Designing pieces with lighter weight is also possible. A very well-known use of AM comes from GE Aviation, which is using a special metal alloy to produce small nozzles for jet engines. An industry researcher points out that the economic benefit is in the weight of the piece (saving jet fuel cost), not material saving or lower manufacturing cost. (The Limits of 3D Printing, Matthias Holweg, Harvard Business Review, June 23, 2015)

Matching capabilities to strategies

How should small manufacturers approach AM? The equipment is a significant investment. And, regardless of AM’s impressive capabilities, most experts in the field don’t expect to see AM replacing injection molding or casting in much of manufacturing.  It seems to be viewed as an evolving strategic tool, a mainstay of product development, and a potential production option for short runs and highly customized jobs.

Regardless, a 2014 Gartner report estimated that worldwide end-user spending on 3D printers would jump from $1.6 billion to $13.4 billion from 2015 to 2018.  When is the last time a machine realized that kind of growth?
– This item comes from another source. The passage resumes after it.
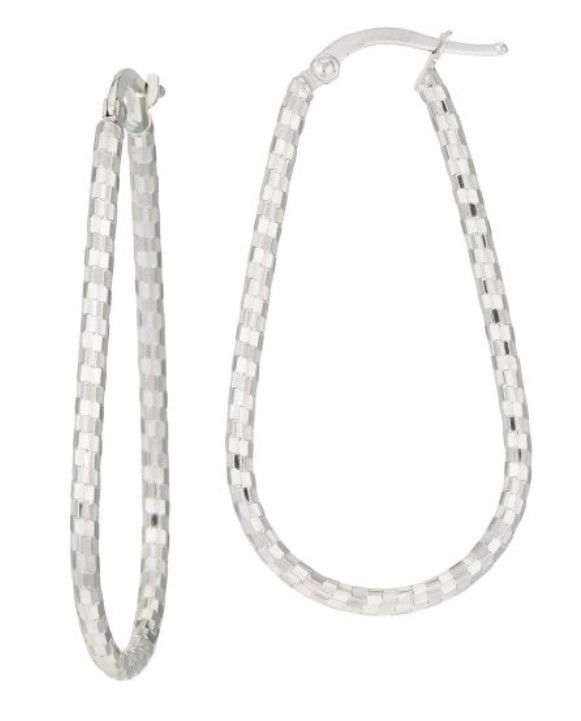 14KYG STRIPE TEXTURE ELONGATED ROUND TEARDROP HOOP EARRINGS

To consider the impact of AM on your business, the following questions are worth considering.


  • Do your customers expect assistance with prototyping or design for better manufacturability?
  • When pursuing new business with customers, is your firm a resource regarding manufacturability as a project moves forward?
  • How important is it for your business to be involved at the early prototyping stage of a project to land the eventual job?
  • Do you have the know-how to help a customer determine which production approach is most economical?
  • Can you help a customer launch at low volumes, then transition to higher volumes, offering cost effective approaches at each step?
  • Do you have the design and engineering capabilities to attend to all these needs?

Product Development

  • How many ideas have you considered testing, but product development was just too expensive?
  • How quickly can you test out a new idea in the market?
  • Will AM-specific materials meet needed structural requirements?

Firm Capabilities

  • Do you have multidisciplinary team members who are trained in this technology?
  • Are you able to accept electronic files from your customers?
  • Can you convert a CAD file to a file capable of guiding the three dimensional work of 3D printers?
  • Would offering this service set you apart from competitors?
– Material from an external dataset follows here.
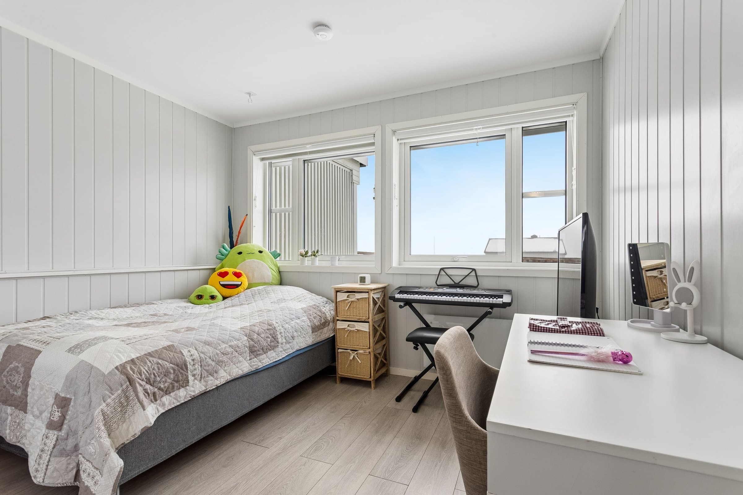 Velkommen til Heradsbygdveien 51, en mordene kjedet enebolig med gjennomgående høy standard, som består av: 1. etasje: •Gang • 3 soverom (det minste innredet som Walk-in-closet) •Teknisk rom/bod •Stue •Bad med dusj (benyttes i dag som vaskerom) 2. etasje: • Åpen stue- og kjøkkenløsning • Soverom med privat bad •Direkte utgang til romslig terrasse Utvendig: •Stor, solrik terrasse (ca. 49 m2) med nydelig utsikt mot Tyrifjorden og Norefjell • Liten hage foran og bak boligen • Integrert solskjerming på terrasse •Varm/kald vannkran med mulighet for tilkobling av avløp •Forsterket bod for plassering av jacuzzi •Carport med plass til to biler (asfaltert og isolert) •Elbillader (22 kW) og opplegg for ekstra lader •Sportsbod innerst i carport •Screens på alle frontvendte vinduer Alle vinduer har lameller eller plisségardiner. Alle elektriske koblingspunkt er oppgradert til Big Box med mulighet til Smarthus tilkoblinger.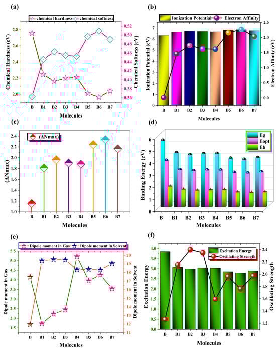 Table 4 contain a tabulation of the optical characteristics of B and B1–B7 that were studied in both the gaseous and solvent media. All of the compounds’ maximal absorption in the gas and liquid phases is shown in

Evolving and advancing tech

To test the waters with AM, it may not be necessary to invest in a printer. There are many established 3D printing service bureaus that will accept designs and deliver parts. Even UPS has ventured into 3D printing, offering printing services at its stores. UPS even targets manufacturers needing jigs and fixtures, recognizing these pieces as short run and time sensitive, ideal for AM. A readiness to field AM needs with a well-versed partner can help bolster a firm’s overall value to its customers.

In the near-term, AM may find its way into more shops via hybrid machines that offer traditional machining processes alongside an AM tool. Parts could be cut and shaped in one stage with a metal or plastic layer added via a specialized tool.
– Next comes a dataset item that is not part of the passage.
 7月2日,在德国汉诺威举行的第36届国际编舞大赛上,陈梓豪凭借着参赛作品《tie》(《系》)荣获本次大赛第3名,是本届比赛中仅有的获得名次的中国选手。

But AM technology continues to develop in ways that may surprise. Google Ventures recently invested $100 million in Carbon 3D, a company that has developed technology (via research at the University of North Carolina) that builds up parts from a liquid bath at rates much faster than existing AM. The process, called Continuous Liquid Interface Production, forms the part out of a liquid using photochemistry techniques. The company claims its technology can “print” in minutes plastic pieces that take hours via traditional 3D printing. It also eliminates layers, potentially producing parts with properties similar to injection molded pieces.

Better, faster and, possibly, cheaper options may be on the horizon.  Learning to work with AM, either in house or with a partner, will be a worthwhile investment.